When you restate the entries that follow, keep every word exactly and drop the pictures.

Dataset excerpts:
****
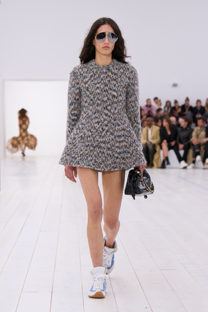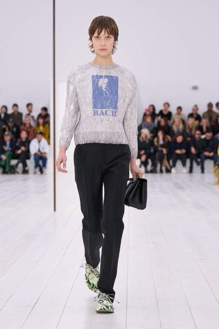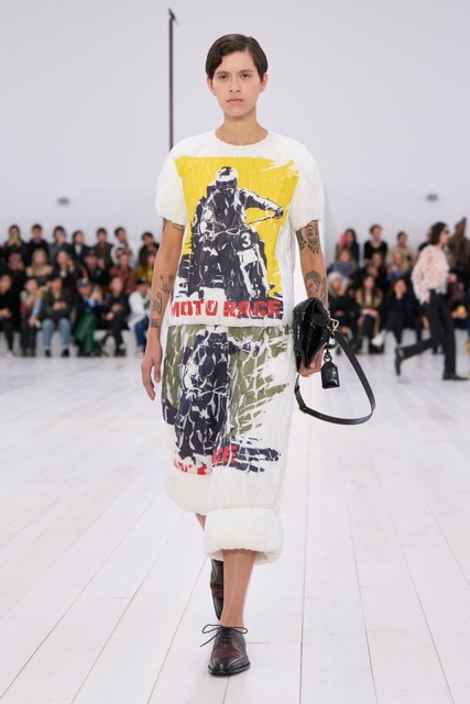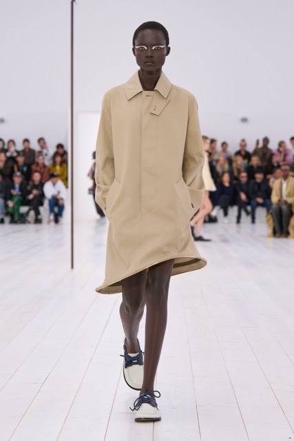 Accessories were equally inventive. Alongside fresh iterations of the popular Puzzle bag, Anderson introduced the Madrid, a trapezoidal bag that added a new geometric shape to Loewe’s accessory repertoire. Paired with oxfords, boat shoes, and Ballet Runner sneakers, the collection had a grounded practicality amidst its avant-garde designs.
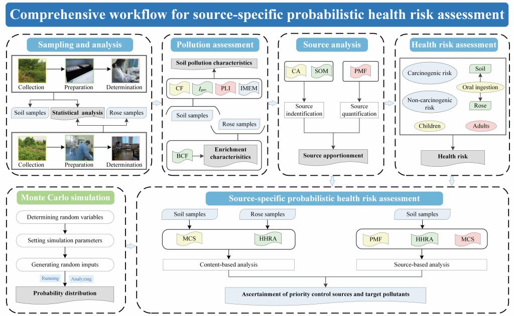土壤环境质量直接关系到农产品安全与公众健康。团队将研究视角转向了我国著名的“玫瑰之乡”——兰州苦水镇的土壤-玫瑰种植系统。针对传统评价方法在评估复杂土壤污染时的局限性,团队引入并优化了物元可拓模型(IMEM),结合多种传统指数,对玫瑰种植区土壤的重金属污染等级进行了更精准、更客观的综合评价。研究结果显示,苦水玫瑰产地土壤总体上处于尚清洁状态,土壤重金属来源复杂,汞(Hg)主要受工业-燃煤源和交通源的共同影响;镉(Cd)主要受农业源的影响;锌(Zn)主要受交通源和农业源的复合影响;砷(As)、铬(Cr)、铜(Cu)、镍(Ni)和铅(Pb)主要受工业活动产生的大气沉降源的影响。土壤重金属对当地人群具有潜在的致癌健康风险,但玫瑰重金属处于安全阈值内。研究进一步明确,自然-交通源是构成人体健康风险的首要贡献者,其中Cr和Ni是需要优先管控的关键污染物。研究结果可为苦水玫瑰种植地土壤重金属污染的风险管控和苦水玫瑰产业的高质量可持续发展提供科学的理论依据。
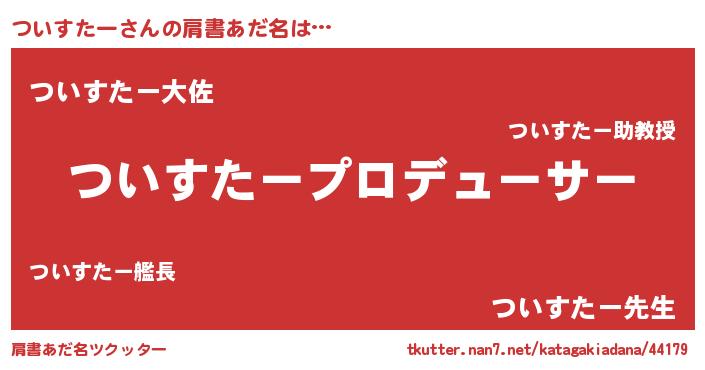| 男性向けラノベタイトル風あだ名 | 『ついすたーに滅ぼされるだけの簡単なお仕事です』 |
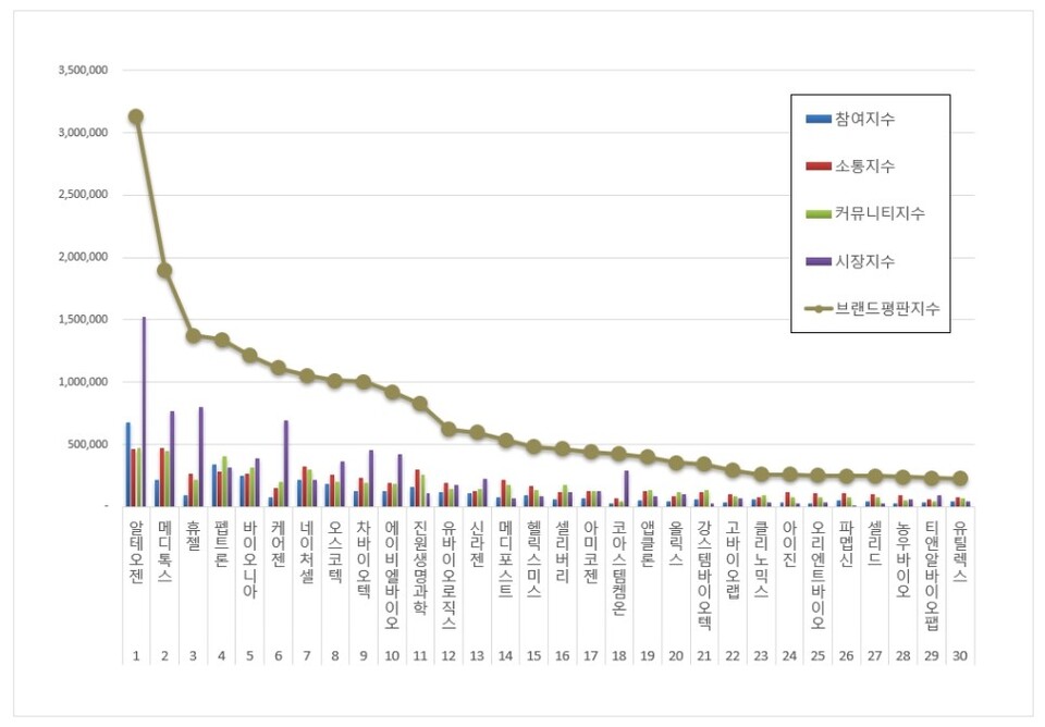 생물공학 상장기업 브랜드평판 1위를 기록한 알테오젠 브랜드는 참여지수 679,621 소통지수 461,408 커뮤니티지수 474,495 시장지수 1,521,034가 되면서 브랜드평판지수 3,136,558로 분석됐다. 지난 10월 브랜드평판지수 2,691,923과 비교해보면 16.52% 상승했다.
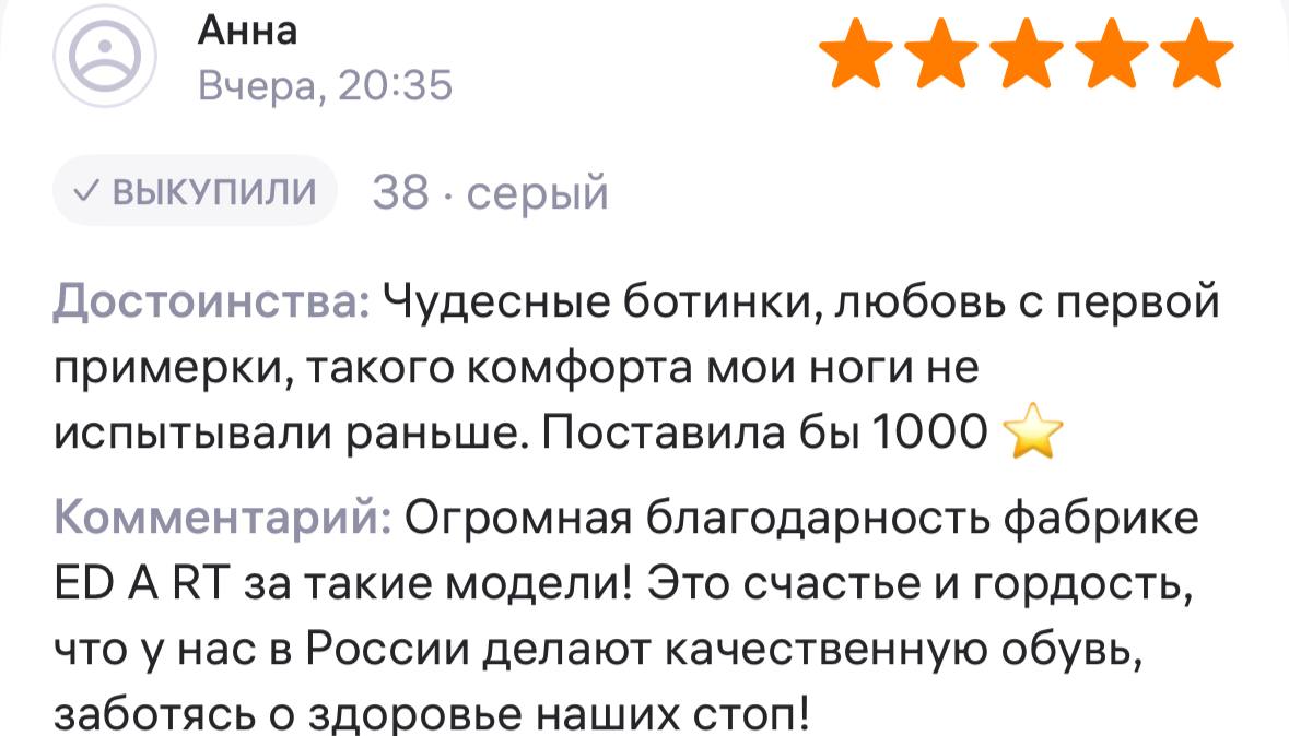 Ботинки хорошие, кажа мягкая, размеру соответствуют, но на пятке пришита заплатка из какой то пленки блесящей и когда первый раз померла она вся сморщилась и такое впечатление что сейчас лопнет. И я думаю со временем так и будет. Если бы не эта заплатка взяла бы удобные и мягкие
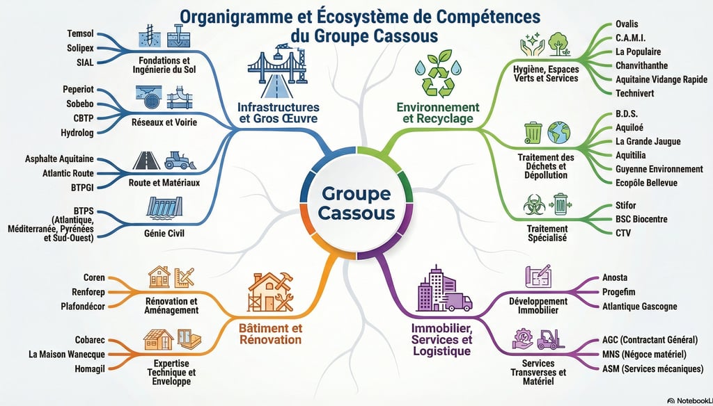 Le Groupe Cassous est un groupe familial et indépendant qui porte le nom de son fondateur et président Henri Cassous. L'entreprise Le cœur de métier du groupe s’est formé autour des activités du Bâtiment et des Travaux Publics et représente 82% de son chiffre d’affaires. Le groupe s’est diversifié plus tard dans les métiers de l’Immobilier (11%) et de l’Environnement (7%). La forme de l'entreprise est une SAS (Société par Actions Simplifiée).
****
» ANSWER SPACE:
 Accessories were equally inventive. Alongside fresh iterations of the popular Puzzle bag, Anderson introduced the Madrid, a trapezoidal bag that added a new geometric shape to Loewe’s accessory repertoire. Paired with oxfords, boat shoes, and Ballet Runner sneakers, the collection had a grounded practicality amidst its avant-garde designs.
土壤环境质量直接关系到农产品安全与公众健康。团队将研究视角转向了我国著名的“玫瑰之乡”——兰州苦水镇的土壤-玫瑰种植系统。针对传统评价方法在评估复杂土壤污染时的局限性,团队引入并优化了物元可拓模型(IMEM),结合多种传统指数,对玫瑰种植区土壤的重金属污染等级进行了更精准、更客观的综合评价。研究结果显示,苦水玫瑰产地土壤总体上处于尚清洁状态,土壤重金属来源复杂,汞(Hg)主要受工业-燃煤源和交通源的共同影响;镉(Cd)主要受农业源的影响;锌(Zn)主要受交通源和农业源的复合影响;砷(As)、铬(Cr)、铜(Cu)、镍(Ni)和铅(Pb)主要受工业活动产生的大气沉降源的影响。土壤重金属对当地人群具有潜在的致癌健康风险,但玫瑰重金属处于安全阈值内。研究进一步明确,自然-交通源是构成人体健康风险的首要贡献者,其中Cr和Ni是需要优先管控的关键污染物。研究结果可为苦水玫瑰种植地土壤重金属污染的风险管控和苦水玫瑰产业的高质量可持续发展提供科学的理论依据。
| 男性向けラノベタイトル風あだ名 | 『ついすたーに滅ぼされるだけの簡単なお仕事です』 |
 생물공학 상장기업 브랜드평판 1위를 기록한 알테오젠 브랜드는 참여지수 679,621 소통지수 461,408 커뮤니티지수 474,495 시장지수 1,521,034가 되면서 브랜드평판지수 3,136,558로 분석됐다. 지난 10월 브랜드평판지수 2,691,923과 비교해보면 16.52% 상승했다.
 Ботинки хорошие, кажа мягкая, размеру соответствуют, но на пятке пришита заплатка из какой то пленки блесящей и когда первый раз померла она вся сморщилась и такое впечатление что сейчас лопнет. И я думаю со временем так и будет. Если бы не эта заплатка взяла бы удобные и мягкие
 Le Groupe Cassous est un groupe familial et indépendant qui porte le nom de son fondateur et président Henri Cassous. L'entreprise Le cœur de métier du groupe s’est formé autour des activités du Bâtiment et des Travaux Publics et représente 82% de son chiffre d’affaires. Le groupe s’est diversifié plus tard dans les métiers de l’Immobilier (11%) et de l’Environnement (7%). La forme de l'entreprise est une SAS (Société par Actions Simplifiée).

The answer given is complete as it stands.